End in Sight for Energy Leasing in Alberta Caribou Ranges?

Alberta Wilderness Association (AWA) has found that no new energy rights within Alberta caribou ranges are scheduled for future sales. Two in-range licences covering 24 km2, which had been posted for the August 19 rights auction, have since been withdrawn by Alberta Energy. AWA recognizes the importance of these lease sale withdrawals and urges the Alberta government to defer all new energy leasing within caribou ranges, until strong habitat-recovery range plans are in place to ensure survival of Alberta’s endangered caribou.

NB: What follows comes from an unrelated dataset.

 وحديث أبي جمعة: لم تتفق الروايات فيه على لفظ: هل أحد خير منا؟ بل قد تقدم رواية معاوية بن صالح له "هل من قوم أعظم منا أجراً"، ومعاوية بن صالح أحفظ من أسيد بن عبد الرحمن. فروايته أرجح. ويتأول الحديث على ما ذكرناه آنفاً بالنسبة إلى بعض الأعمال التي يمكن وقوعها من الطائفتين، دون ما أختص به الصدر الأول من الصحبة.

“AWA welcomes the pause in energy leasing inside caribou ranges and the Alberta government’s withdrawal of two in-range licenses slated for sale in August,” says Carolyn Campbell, AWA conservation specialist.  “This is a golden opportunity for the Alberta government to reduce a main driver of caribou habitat destruction, by committing to defer all new in-range energy rights sales until strong caribou range plans that are required under federal law are in place.”

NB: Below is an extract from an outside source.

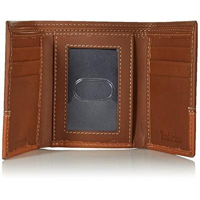 这款添柏岚 Timberland Hunter Trifold Wallet 男士真皮三折钱包,采用100%真皮材质,纺织物内衬,其高度为4英寸(10.16cm),可以很好的放入百元大钞。内设有6个信用卡槽、两个隐藏卡槽、2个大钞位以及1个透明证件口袋,整体简约实用。
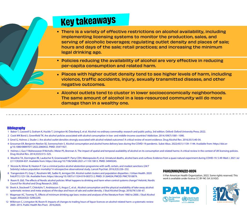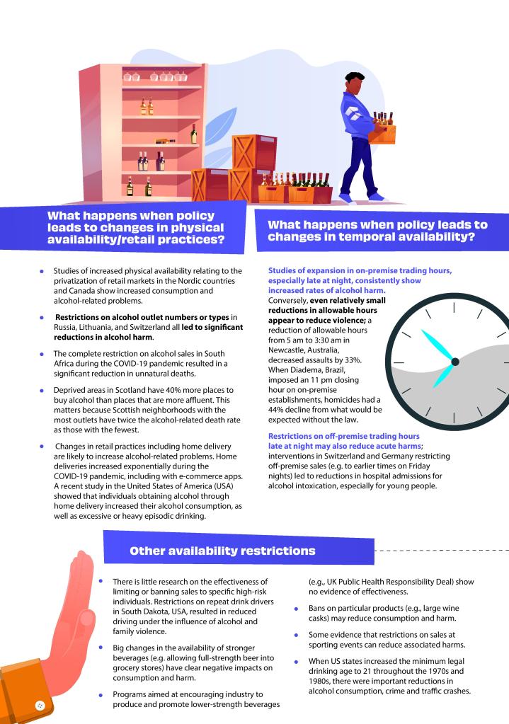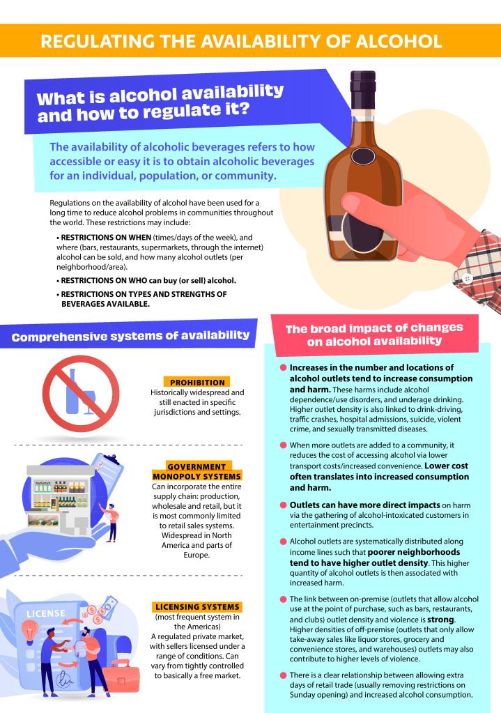 “Limiting the access to alcoholic beverages fall partially outside the health sector but they need to be implemented in order to reduce alcohol accessibility, leading to less alcohol consumption, harms, and therefore the health and social costs of alcohol. Despite the widespread use of licensing systems, they continue to be underused as a policy tool, and measures are only partially adopted and are not enforced.”

About 740 km2 of new oil and gas licences and leases within Alberta caribou ranges have been auctioned since the Notley government was sworn in on May 24, 2015. Most of that (550 km2) was posted before the election, although a sizeable area (180 km2) was auctioned on July 22. A formal deferral of new energy rights sales within two ranges (the Little Smoky and A La Peche, in west central Alberta) has been in place since May 2013. In early March 2015, the Alberta government withdrew 212 km2 of planned sales in endangered mountain caribou range after AWA, other conservation groups and citizens voiced strong concerns.

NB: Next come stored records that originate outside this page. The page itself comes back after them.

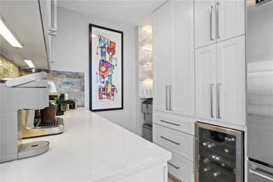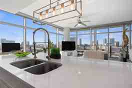 This corner-unit showpiece delivers unobstructed 270-degree views spanning from the Port of Tampa, across the sparkling downtown skyline, and out to Hillsborough Bay. From sunrise to the city?s glowing evening lights, enjoy breathtaking Florida sunsets from your private wraparound balcony ? a rare and coveted feature that elevates urban living to new heights. Step inside to an expansive, open-concept living space where floor-to-ceiling windows flood the home with natural light, showcasing the stunning views from every angle. The chef-inspired kitchen is a true centerpiece, boasting modern soft-close cabinetry, sleek white quartz countertops, a custom backsplash, and a built-in bar with wine fridge?ideal for entertaining. A gas stove and range hood, rarely found in condo living, make this a dream kitchen for culinary enthusiasts.
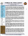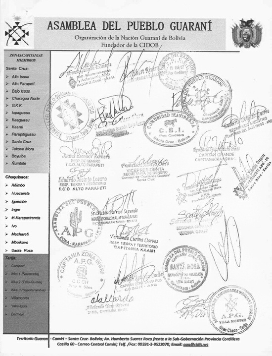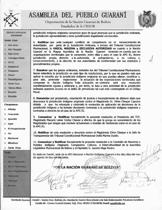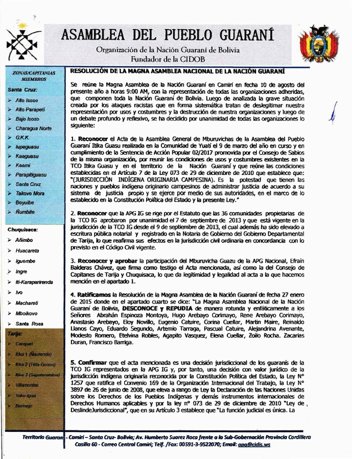 Se reúne la Magna Asamblea de la Nación Guaraní en Camirí en fecha 10 de agosto del presente año a horas 9:00 AM, con la representación de todas las organizaciones adheridas, que componen toda la Nación Guaraní de Bolivia. Luego de analizada la grave situación creada por los ataques racistas que en forma sistemática tratan de deslegitimar nuestra representación por usos y costumbres y la destrucción de nuestra organizaciones y luego de un debate profundo y reflexivo, se ha decidido por unanimidad de todas las organizaciones lo siguiente:
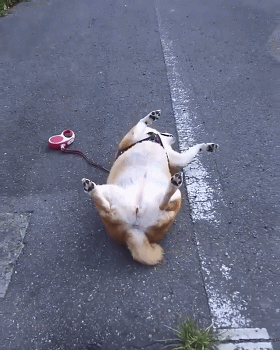 狗狗就四脚朝天躺在地上,还滚来滚去,说明它正在对你撒娇,想要你和它一起玩哦~
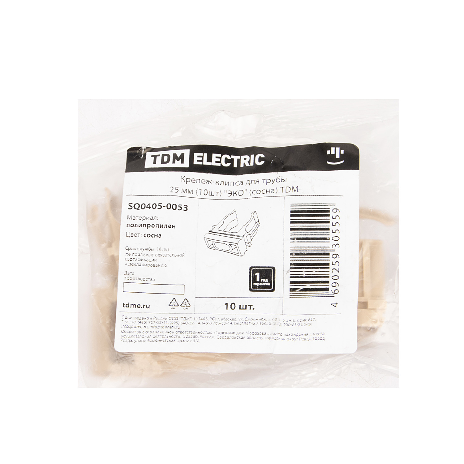 Крепеж-клипса d25мм для трубы "Эко" сосна (упак.10шт) TDM SQ0405-0053 *1/90

Caribou habitat solutions are within reach. It is possible for energy companies to aggregate and greatly reduce their surface footprint while extracting resources: Alberta could place total surface disturbance limits within ranges, and could provide companies alternatives to prove tenure, to encourage longer-distance directional drilling and pooling of leases. Alberta could also require forestry companies to share fibre quotas outside ranges to fairly share the burden of ending in-range logging, and could require extensive reforestation crews financed by energy companies to cushion impacts to municipalities.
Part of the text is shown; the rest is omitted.